Covered California™ and the California Department of Health Care Services (DHCS) announced today that 500,108 Californians enrolled for health insurance and selected plans through the end of 2013 under the Patient Protection and Affordable Care Act, while 584,000 applicants were determined likely eligible for Medi-Cal coverage. DHCS also transitioned 630,000 individuals into the Medi-Cal program from the state’s Low Income Health Program. The statistics, reflecting enrollment activity from Oct. 1 through Dec. 31, 2013, show that the demand for health care coverage in California remains strong. And the preliminary total of enrollments in Covered California health insurance plans from Oct. 1, 2013, through Jan. 15, 2014, has increased to more than 625,000, demonstrating continued vigor in the new insurance marketplace.

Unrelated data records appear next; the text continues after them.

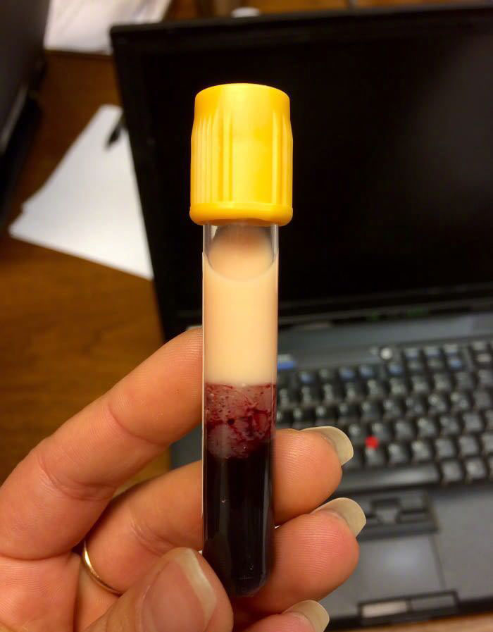 一管脂肪含量很高的血液,大家感受一下...... ​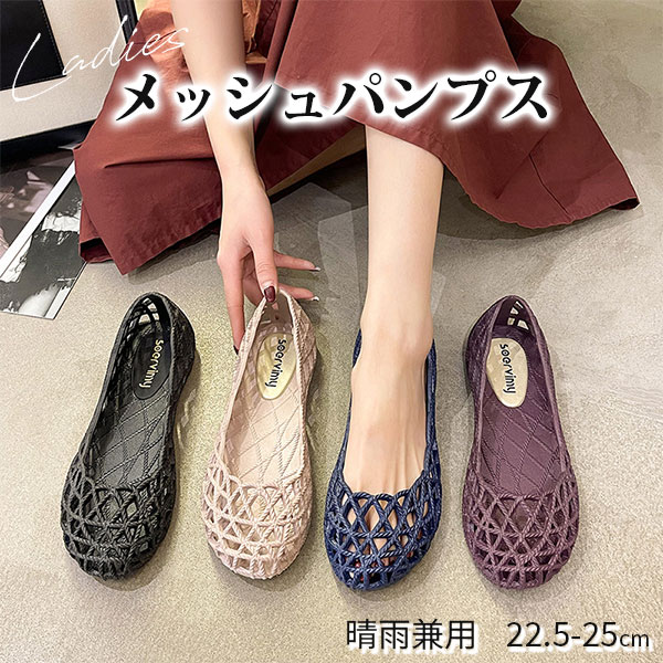 【即納】メッシュ パンプス ラバー素材 防水性 通気性 涼し気 快適 晴雨兼用 軽量 ローヒール 海 プール ビーチサンダル かわ...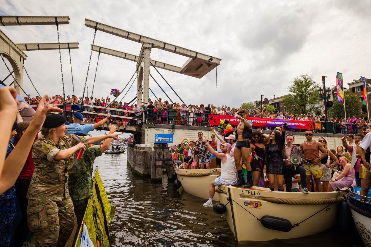Het Pride-festijn houdt de hoofdstad wekenlang in de greep, maar de botenparade vorige week zaterdag geldt als het summum van het festival. Tussen 12:00 en 18:00 uur laveerden tientallen fraai uitgedoste boten door het Oosterdok, de Nieuwe Herengracht, Amstel, Prinsengracht en het Westerdok. Defensie was er, met bootnummer 75, voor de twaalfde keer bij om aandacht te vragen voor het belang van diversiteit binnen de krijgsmacht. “Militairen werken vaak onder grote druk en moeilijke omstandigheden. Het is daarom belangrijk dat iedereen zich vrij voelt om zichzelf te zijn”, verklaarde Commandant der Strijdkrachten generaal Onno Eichelsheim eerder.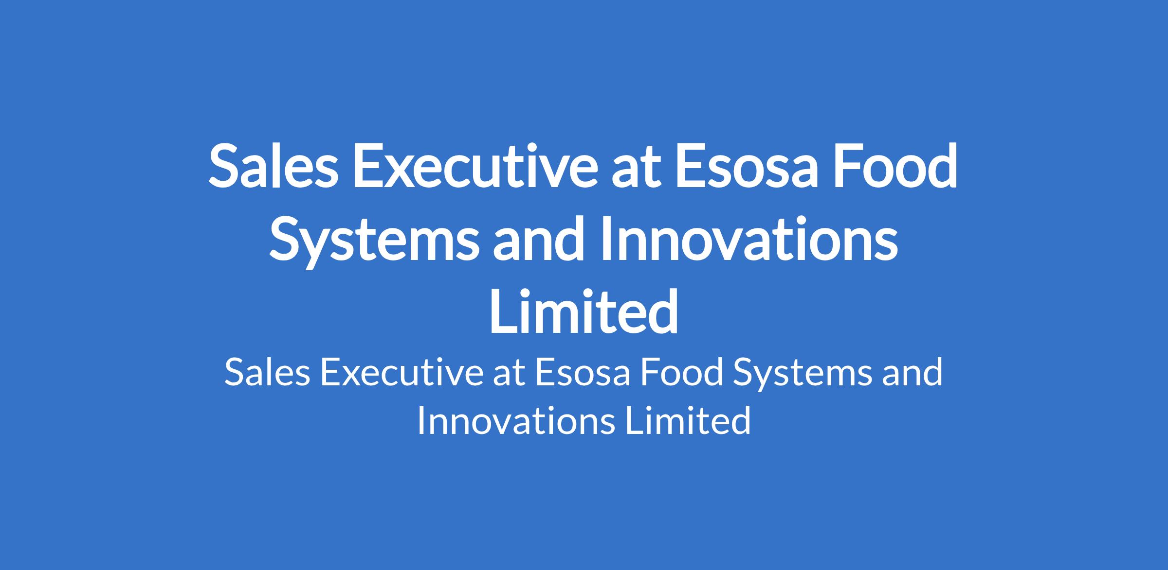 Esosa Food Systems and Innovations Limited is recruiting to fill the position of: Sales Executive. The position is located in Iju-Ishaga and Mende, Maryland, Lagos State. Salary: N100,000 - N500,000 per month. Interested candidates should possess relevant qualifications with experience.
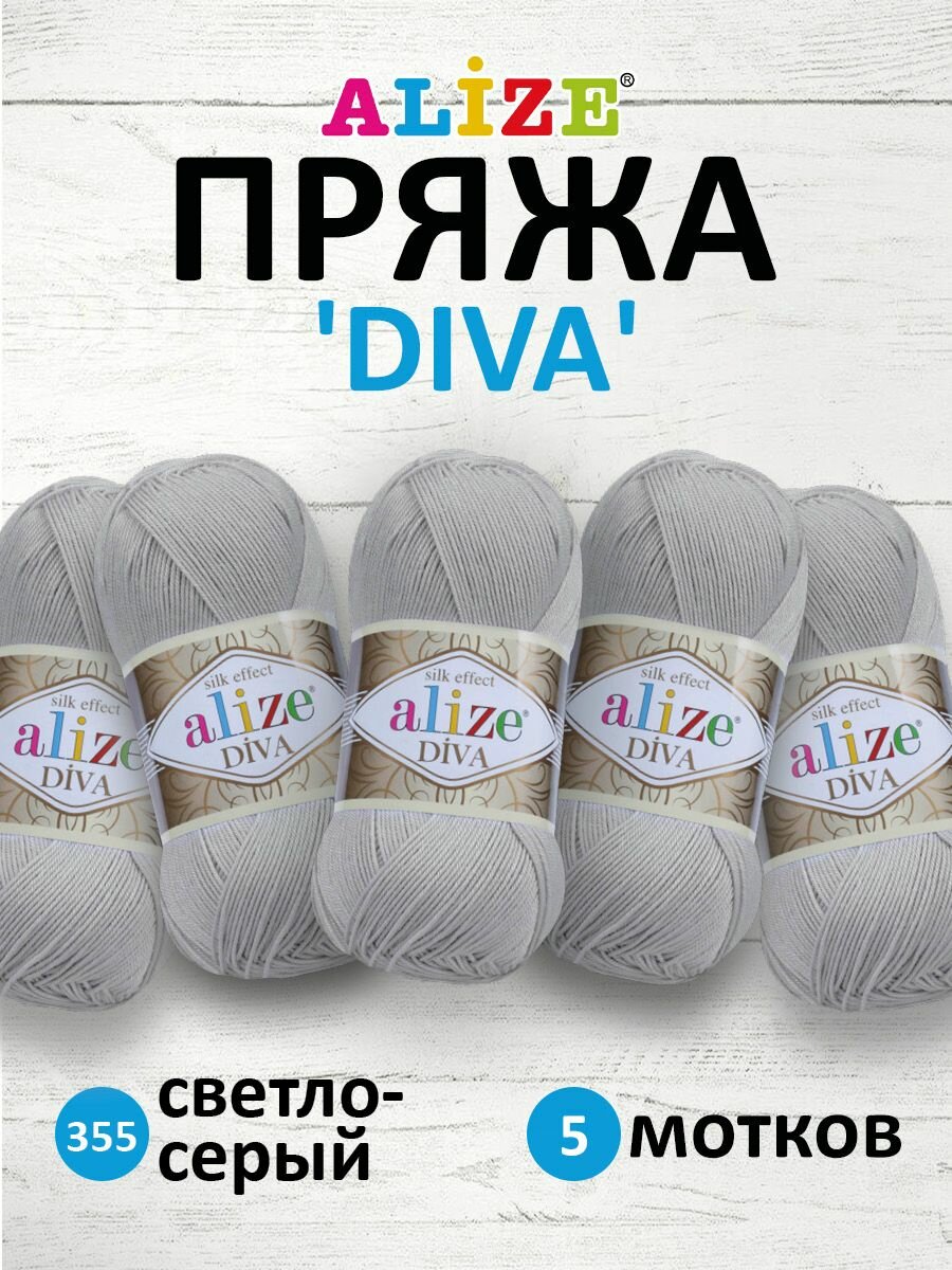 Купить Пряжа для вязания ALIZE 'Diva', 100г, 350м (100% микрофибра) ТУ (355 светло-серый), 5 мотков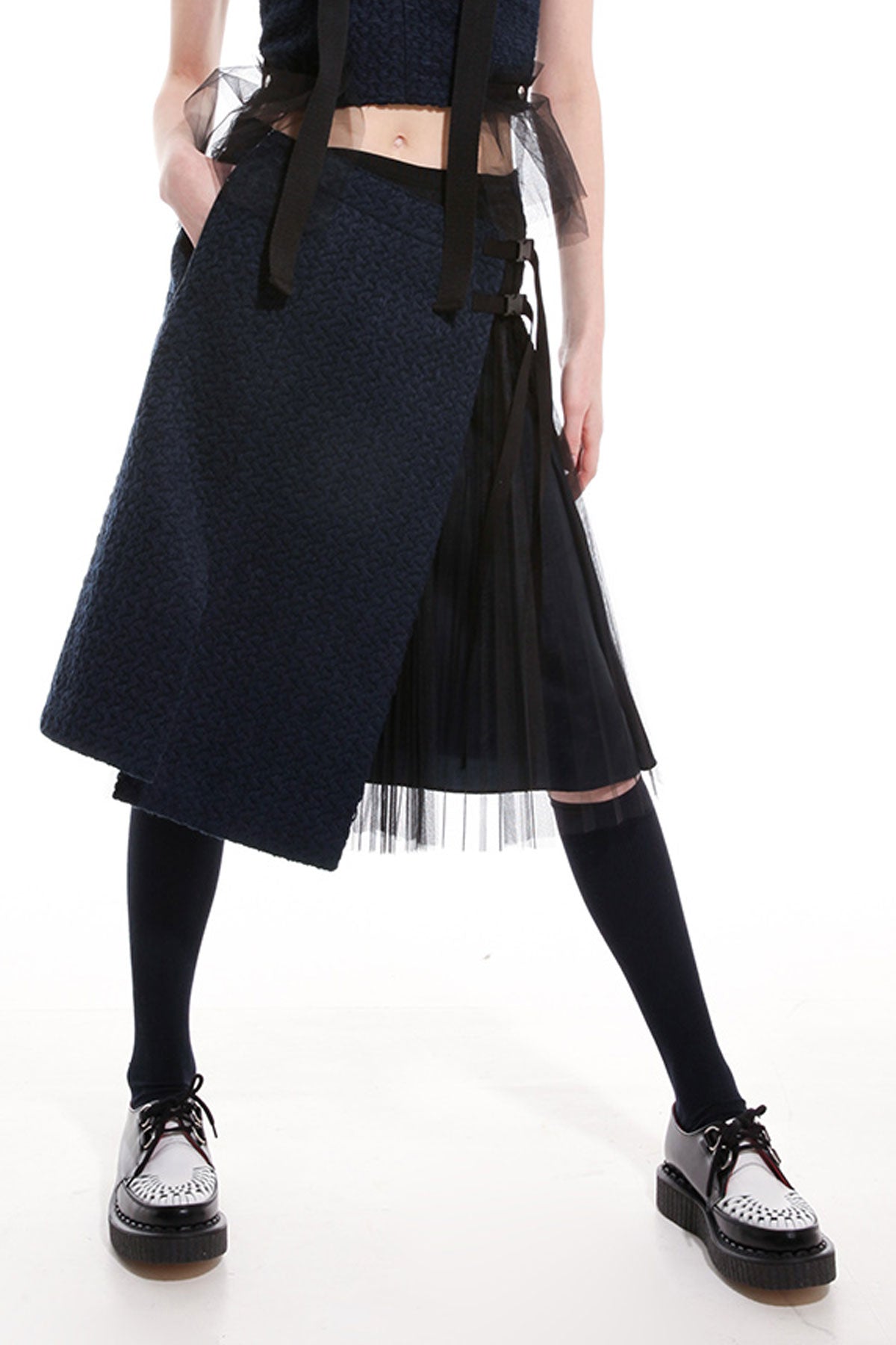 This is a knee-length wrap skirt with tweed material ordered from Italy as the main material, black tulle material, unique buckle details, slits, and piping details as the points.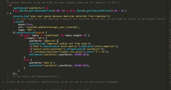 detect timezone in JS for Americas, then AJAX to server to check GeoIP to detect US and set Imperial system in JS and set cookie so we don’t have to check again on further page loads for static non member cache frontpage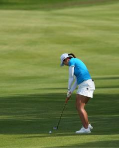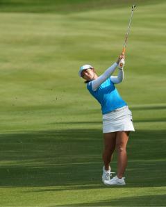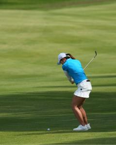 渡邉彩香のアイアンスイング(斜め前方)|インパクト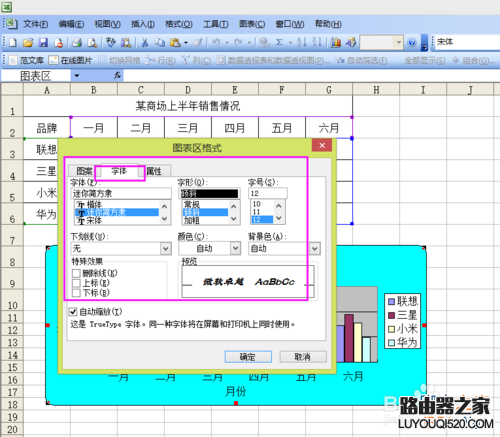 8、我們再來改變一下圖表的字體,也是雙擊圖表的空白區(qū)域,選擇字體,設置字體的樣式。

“We’re encouraged by the outpouring of interest and participation in the state insurance exchange,” said Covered California Executive Director Peter V. Lee. “While our objective is to insure all eligible Californians over time, independent estimates for Covered California’s subsidy-eligible enrollment by the March 31 deadline range between 487,000 and 696,000. These impressive numbers for the first half of open enrollment and the continued momentum in January tell us we are on track to meeting, if not beating, those enrollment estimates as we continue to pick up steam.” Lee noted that of those enrolled so far, 424,936 are eligible for subsidies. “We are pleased that Californians — many for the first time — are getting quality, affordable health insurance to protect themselves and their families,” Lee added.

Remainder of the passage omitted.